Perhaps surprisingly, the productivity of -gate did not really wane in the eighties: in the US it was kept in the public eye principally because of the Iran-contra affair of 1986 (see contra), immediately nicknamed Contragate or Irangate (and still sometimes referred to by these names into the nineties) and by scandals over frauds allegedly perpetrated by televangelists, including the punningly named Pearlygate; in the UK there was

Westlandgate in 1985 (involving Cabinet members in conflict over plans to bail out the helicopter company Westland), Stalkergate

in 1986 (named after the Deputy Chief Constable of Greater Manchester police, John Stalker, who was invited to chair an inquiry into allegations of an RUC 'shoot-to-kill' policy in Northern Ireland and was then removed from this inquiry for

several months while allegations of his own improper association with a known criminal were considered and rejected), and Lawsongate in 1988, involving allegations that the Chancellor of the Exchequer, Nigel Lawson, had deliberately deceived the public about the economy, to mention but a few.

It suits the White House to flatter Mrs Thatcher's diplomatic pretensions, just as it suits it to deflate those of the Labour leader, Mr Neil Kinnock.

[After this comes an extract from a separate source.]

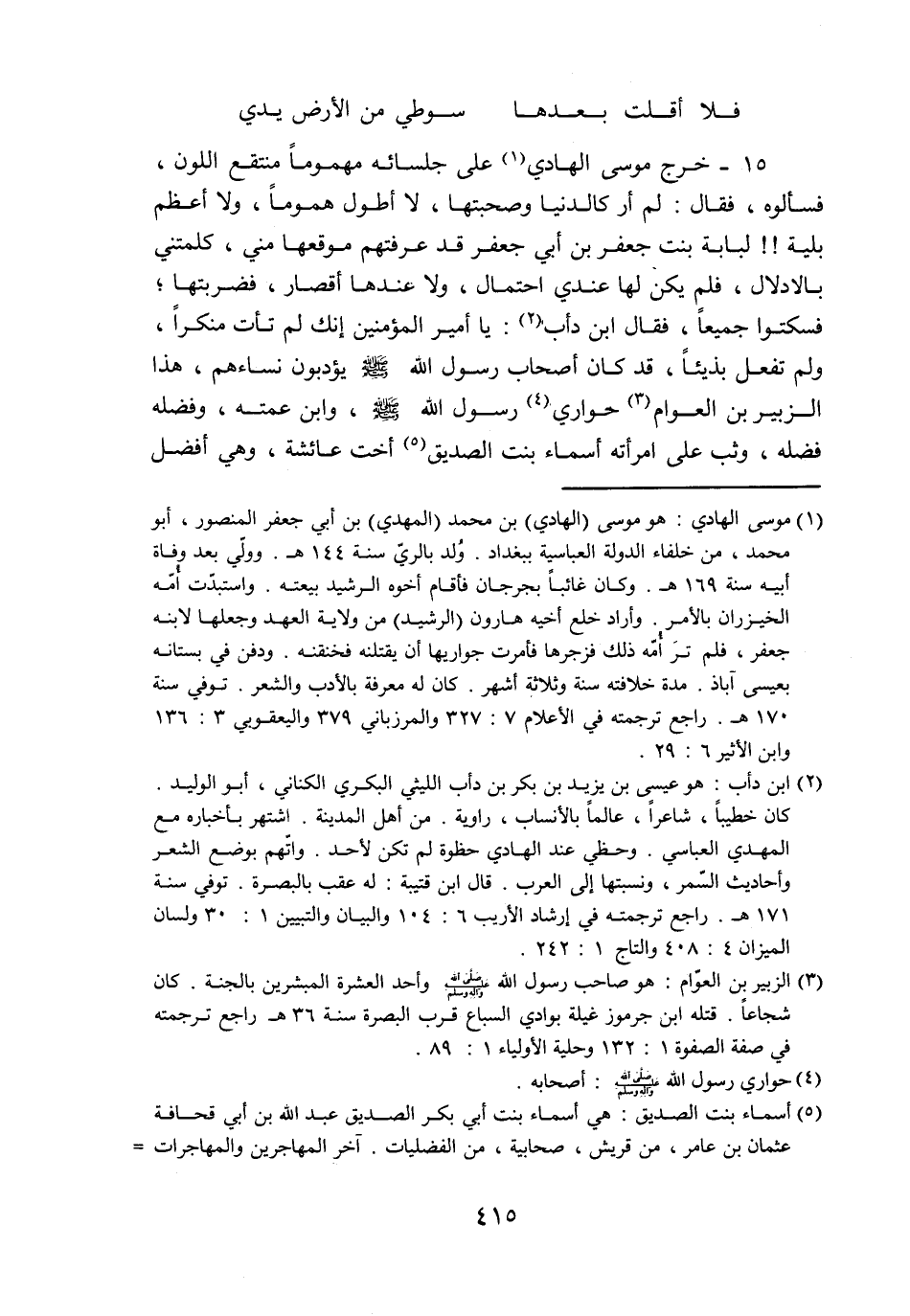 15- خرج موسى الهادي «1» على جلسائه مهموما منتقع اللون، فسألوه، فقال: لم أر كالدنيا وصحبتها، لا أطول هموما، ولا أعظم بلية!! لبابة بنت جعفر بن أبي جعفر قد عرفتهم موقعها مني، كلمتني بالادلال، فلم يكن لها عندي احتمال، ولا عندها أقصار، فضربتها؛ فسكتوا جميعا، فقال ابن دأب «2» : يا أمير المؤمنين إنك لم تأت منكرا، ولم تفعل بذيئا، قد كان أصحاب رسول الله صلّى الله عليه وسلّم يؤدبون نساءهم، هذا الزبير بن العوام «3» حواري «4» رسول الله صلّى الله عليه وسلّم، وابن عمته، وفضله فضله، وثب على امرأته أسماء بنت الصديق «5» أخت عائشة، وهي أفضل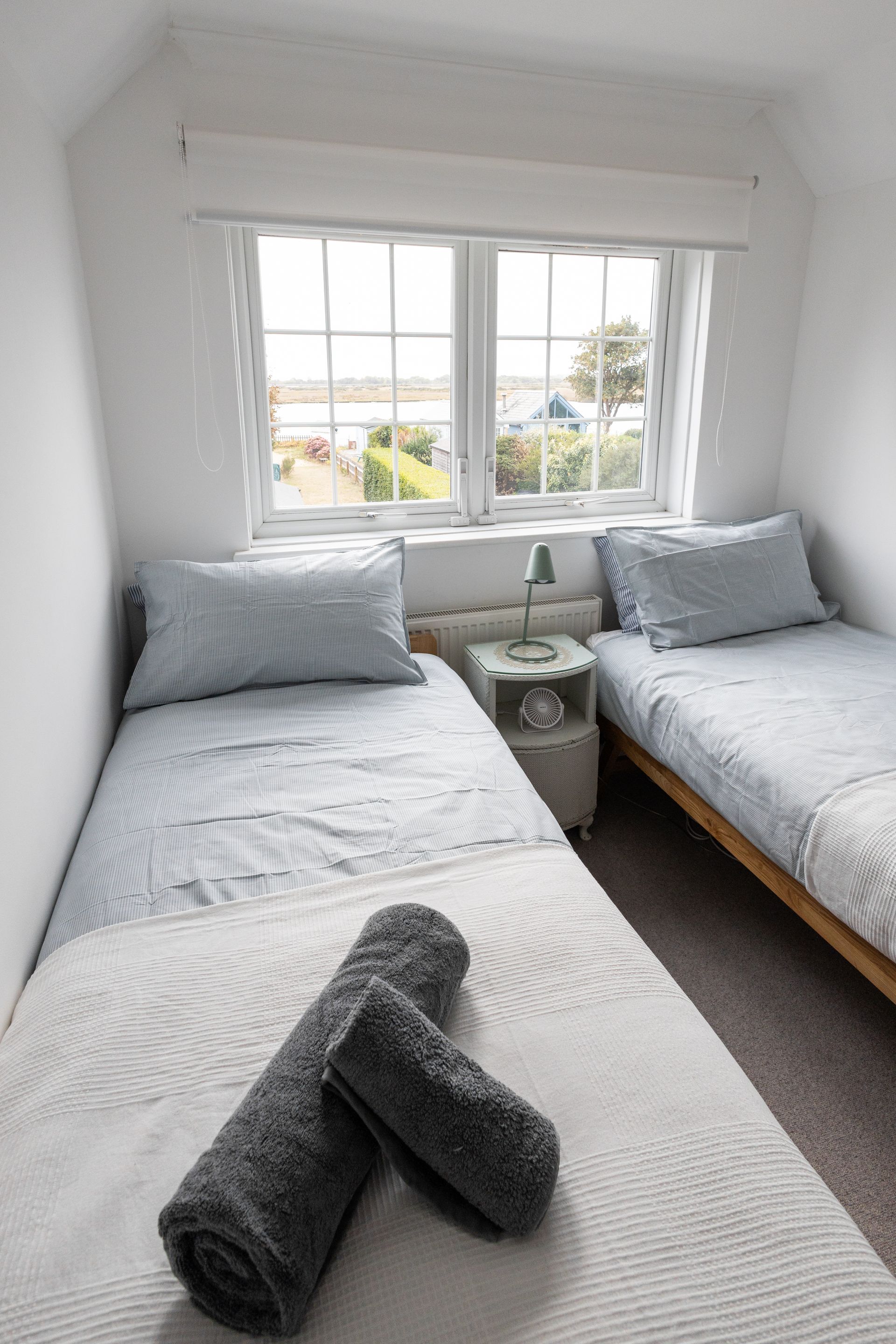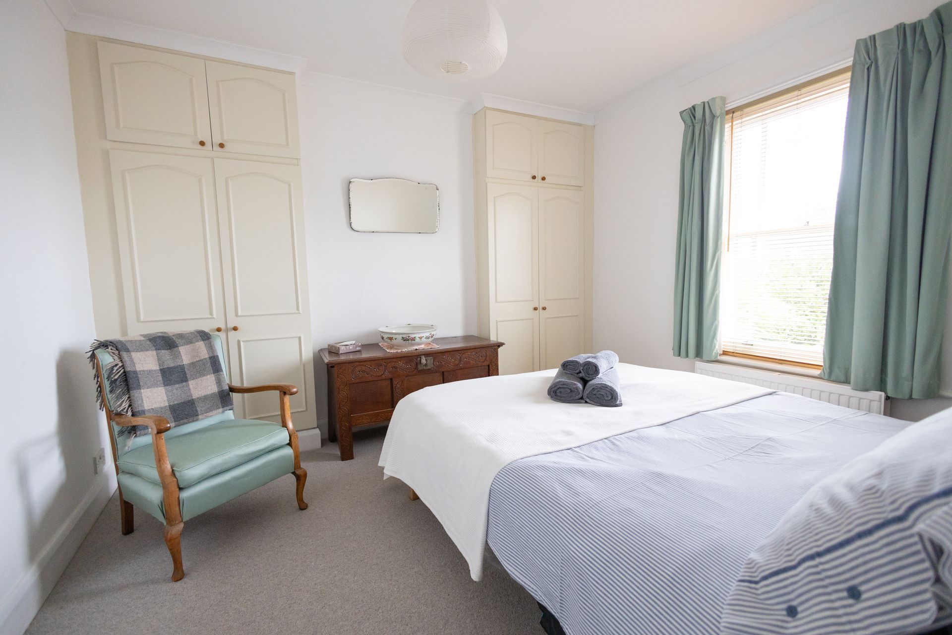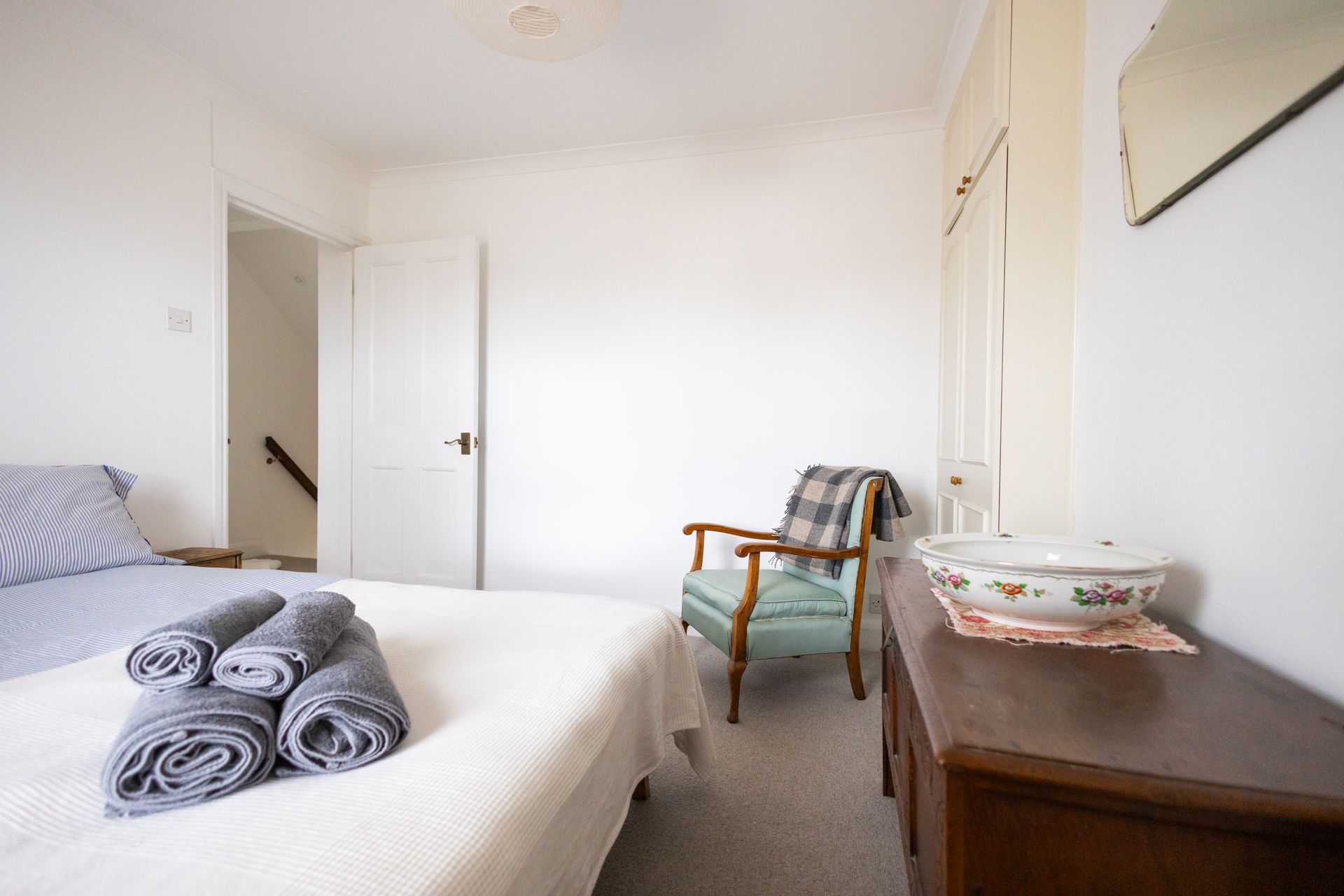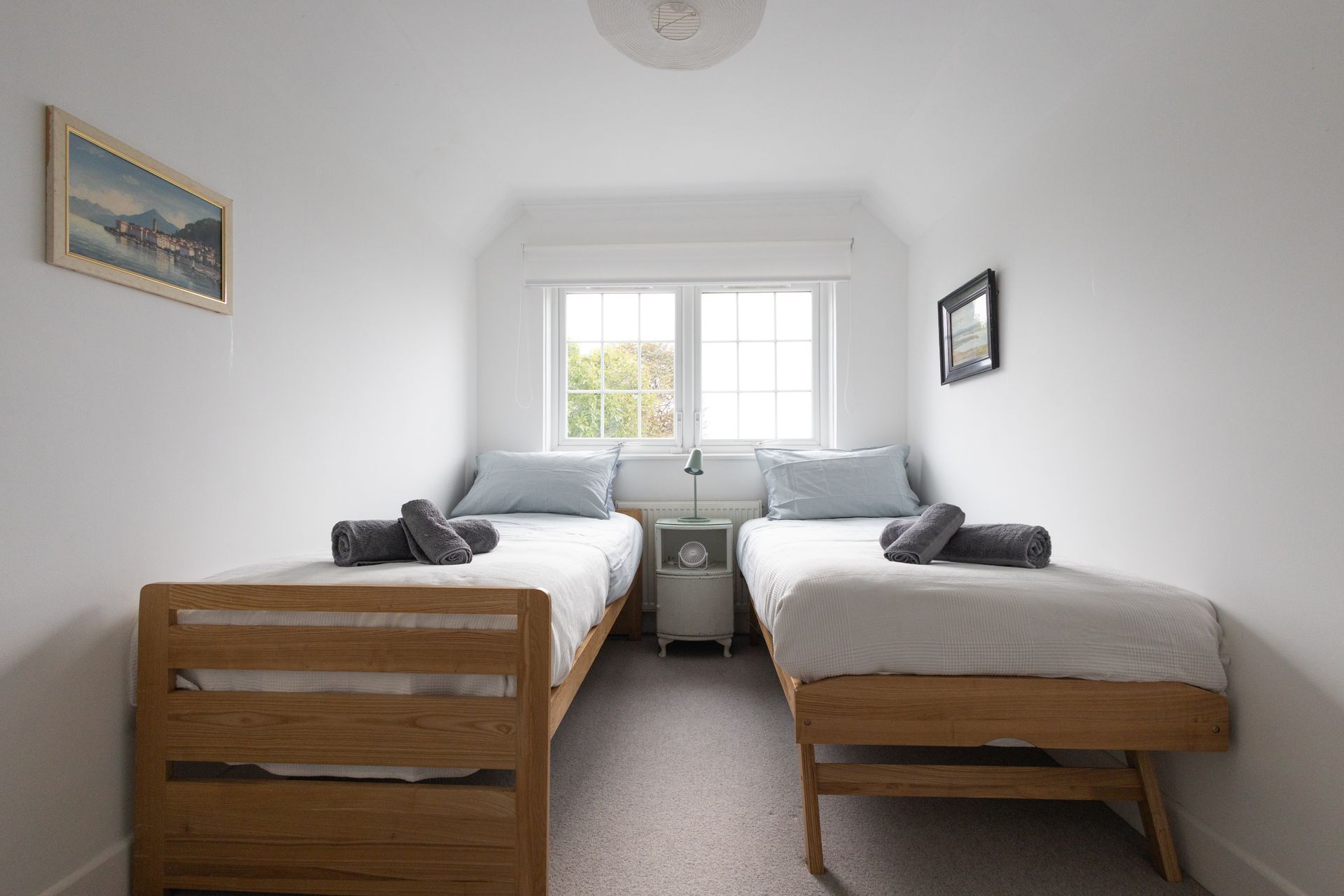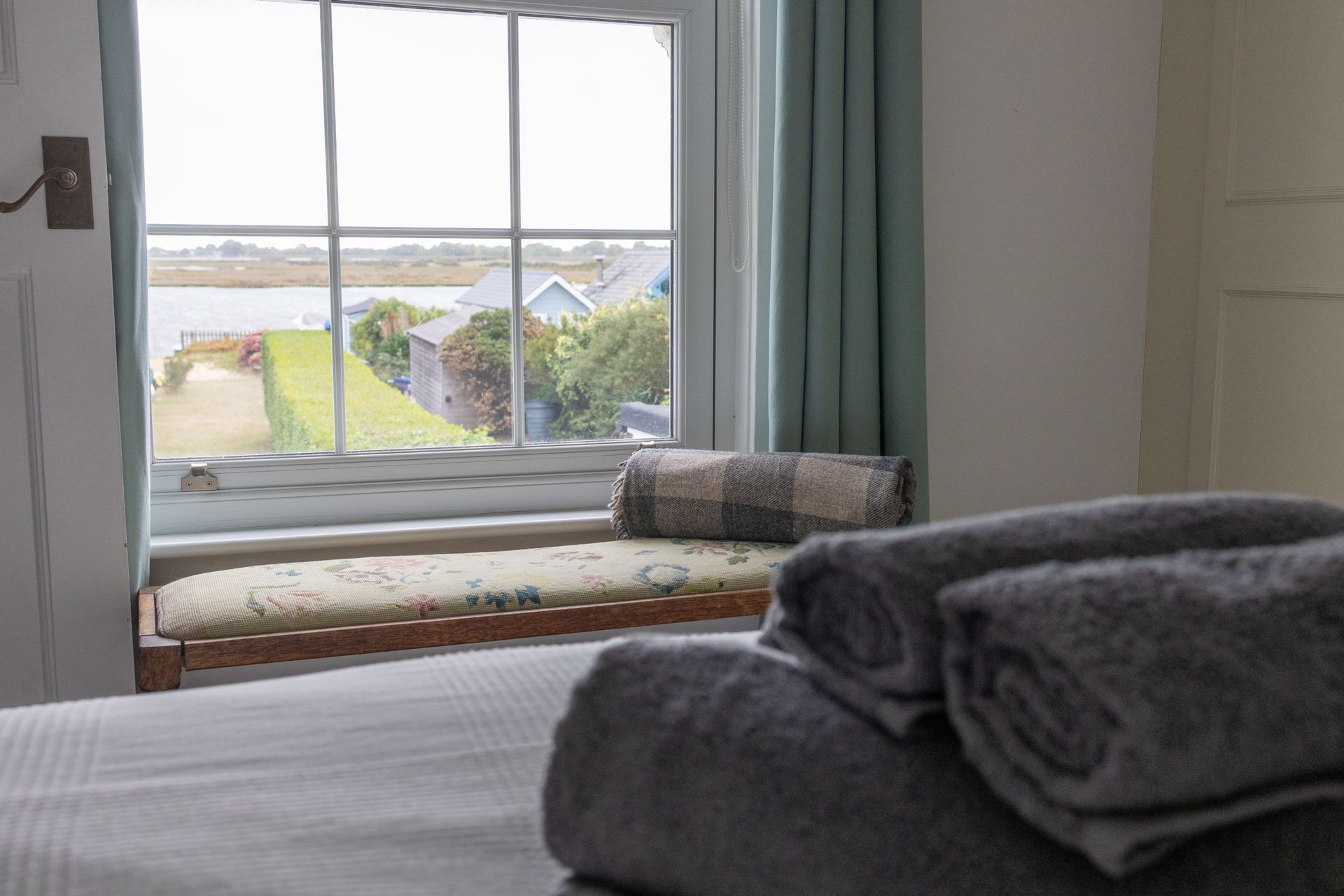Upstairs are three well apportioned bedrooms; the master bedroom has great views down the garden towards the water and so does the twin room. Both ‘doubles’ have king size beds and there is a family bathroom with bath and shower above.

But it is a

long way from 'Kinnockgate' for the good reason that the Americans are barely aware of the 'Neil-snubs-Ron-snubs-Maggie-snubs-Neil' row they are embroiled in.

Guardian 30 Mar. 1984, p. 6

The current deterioration of the Ulster environment will continue unabated...if future developments significantly touch the RUC ('Stalkergate') or the judiciary.

Marxism Today Sept. 1986, p. 41

Europeans...are not going to stomach the star-spangled strain of bible-thumping religiosity peddled by smooth-talking American preachers like Jerry Falwell, Pat Robertson and Jim Bakker (he of the 'Pearlygate' sex and corruption scandal).

Observer Magazine 22 Nov. 1987, p. 50

From the 'Lawsongate' headline...through to the...allegation of a 'cover-up'...newspapers were unanimous in their belief that it was Nigel Lawson who had misled people.

Independent 14 Nov. 1988, p. 2

In those days...the Higher Skepticism had not yet appeared, fueled by the assassinations of the Kennedys and Martin Luther King and the others and by the Vietnam war and by Watergate...and by Irangate, etc.